# Will Plants Pearl Without Co2 Addition?



## essabee (Oct 11, 2006)

Assume I have good 3+ WPG lights on, no CO2 addition, an aerator going through a diffuser into the suction of a powered Filter. 

1)	Will I find my plants pearling?
2)	How long will be duration of the pearling if any?
3)	Will there be pearling even if the aerators are left on 24/7?
4)	Are you speaking from experience or theoretically?


----------



## gibmaker (Jan 3, 2007)

they may if everything else is in good condition, but very very very little


----------



## bigtroutz (Nov 17, 2006)

From my experience, certain plants (fast growing stems) in a 20G non-co2 tank will pearl late in the day quite strongly, even with vigorous aeration from a sponge filter. Other plants did not pearl or did so quite sparsely.

When I was running a 12 hour light cycle, they would start pearling about 8 hours into the light cycle and continue until the lights went out. 

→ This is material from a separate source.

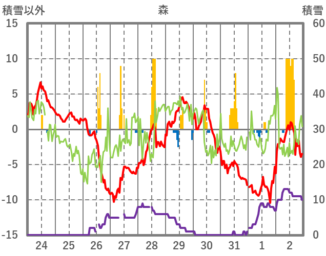 | 日 | 時 | 気温 | 降水 | 風向/風速 | 日照 | 積雪 | 降雪 |

I don't see it much anymore because I cut back the photoperiod to 8 hours to control alage and removed the fast growing stem plants (too much pruning chores)


----------



## zQ. (Dec 15, 2006)

almost the plants will Pearl after a water change,so give it a try !


----------



## Jubs (Mar 24, 2006)

I may be off a bit but its my understanding that pearling is caused from the amount of gases in the water.

I think it really depends on the amount of Co2 in your water as the pearling is from the displacement of gases. Water can only hold so much gas and when there is an excess of a it will form a bubble.Since the the plants are producing the oxygen with the high amount of Co2 being in the water this forces the oxygen to form a bubble instead of diffusing into the water.

The statement of after a water change more than likely has to do with the amount of Co2 in the new water as some sources of water have higher amounts of Co2 in them.


----------



## Bert H (Mar 2, 2004)

Pearling is caused when the water is saturated in oxygen from the photosynthetic activities of your plants. No more oxygen can be dissolved in the water, so the bubbles we call 'pearling' are formed. 

Do you have a carbon source in this tank? With 3 wpg and no CO2 or Excel, I would doubt you'd see much of any pearling. You might soon see algae, however.

Why are you injecting air into your filter's uptake?


----------